Maggie: A Girl of the Streets and Sister Carrie

Abstract: The novel's deep impression on the reader is largely due to the success of the

characterization. This paper analyzes the characters, Maggie and Carrie Meeber in Steven

Crane's Maggie: A Girl of the Streets and Theodore Dreiser’s Sister Carrie, as well as explores

the tortuous destiny of the characters and difficulties encountered by social values, so as to

elaborate the impact of the social values contained in the novel on the characters.

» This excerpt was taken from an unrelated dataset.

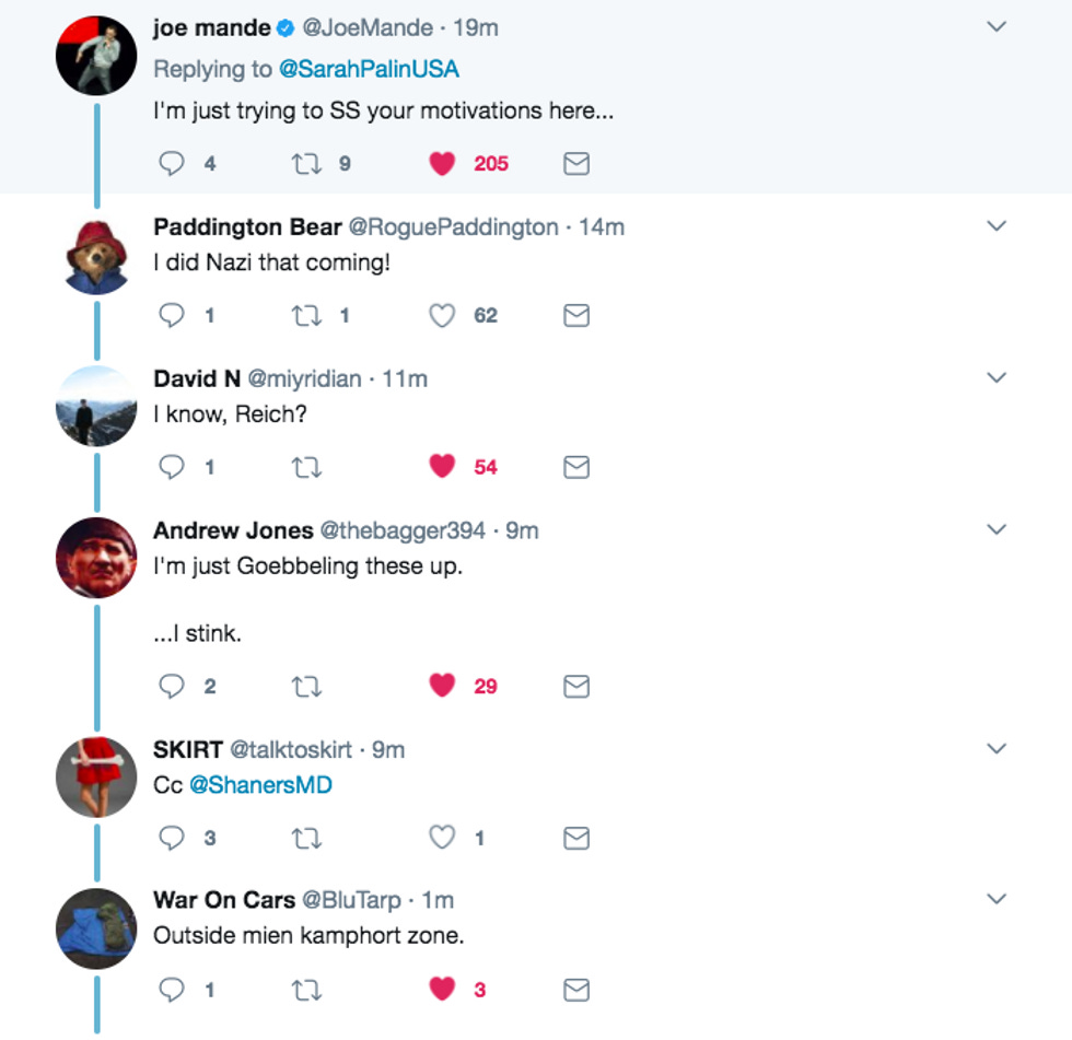 Today, Sarah Palin has taken to Twitter to spout Actual Nazi Words at us, and we don't mean like when the "alt right" kids pretend the "okay" sign is a white power symbol so we will fall for it and they can sue us. We mean:

Key words: Maggie; Sister Carrie; character; social values

Introduction

At the end of the 19th century, American naturalist Stephen Crane and Theodore Dreiser

accepted the Darwinian theory of evolution and wrote two works of naturalism, Maggie: A Girl of

the Streets and Sister Carrie. Through the portrayal of the characters of Maggie and Carrie, both

two works reflect the human’s survival dilemma. Instead of making free choice, people are

impacted by environment and heredity to a great extent. Maggie and Sister Carrie are the case in

point. They throw themselves into the struggle against destiny, but fail to get out of the domination

of fate. In addition, at that time,the United States was in the process of changing from a traditional

agricultural country to a modern industrialized country, and from capitalism to monopoly

capitalism. Social transformation not only brings wealth to people, but brings about the change of

values. These two works are the epitome of the change of social values.

I. Character image--- Maggie

Innocent slum girl Maggie was born in a poor and violent family where she never got love

and warmth. As she entered adulthood, Maggie wanted to change her destitute fate. But, there was

no alternation but to become a vassal of man. The bar man, Peter took a fancy to Maggie for her

beauty. While shortly after their cohabitation, she was abandoned by Peter. Backing home, her

mother detested her, insisting that she brought disgrace on family. She was driven into a corner

and became a street girl. In the disillusionment of love, the indifference of family and the ridicules

of others, Maggie chose to end her short life. If Maggie could purify her soul, overcome her vanity, perhaps she would not go to perish. Maggie is one of the myriad of people struggling in the

quagmire of the poverty. They wander in the shadow of bustling cities in the United States where

none to consider and intervene. It follows that Crane explores the character of Maggie from the

realistic material environment and her spiritual instinct rebellion.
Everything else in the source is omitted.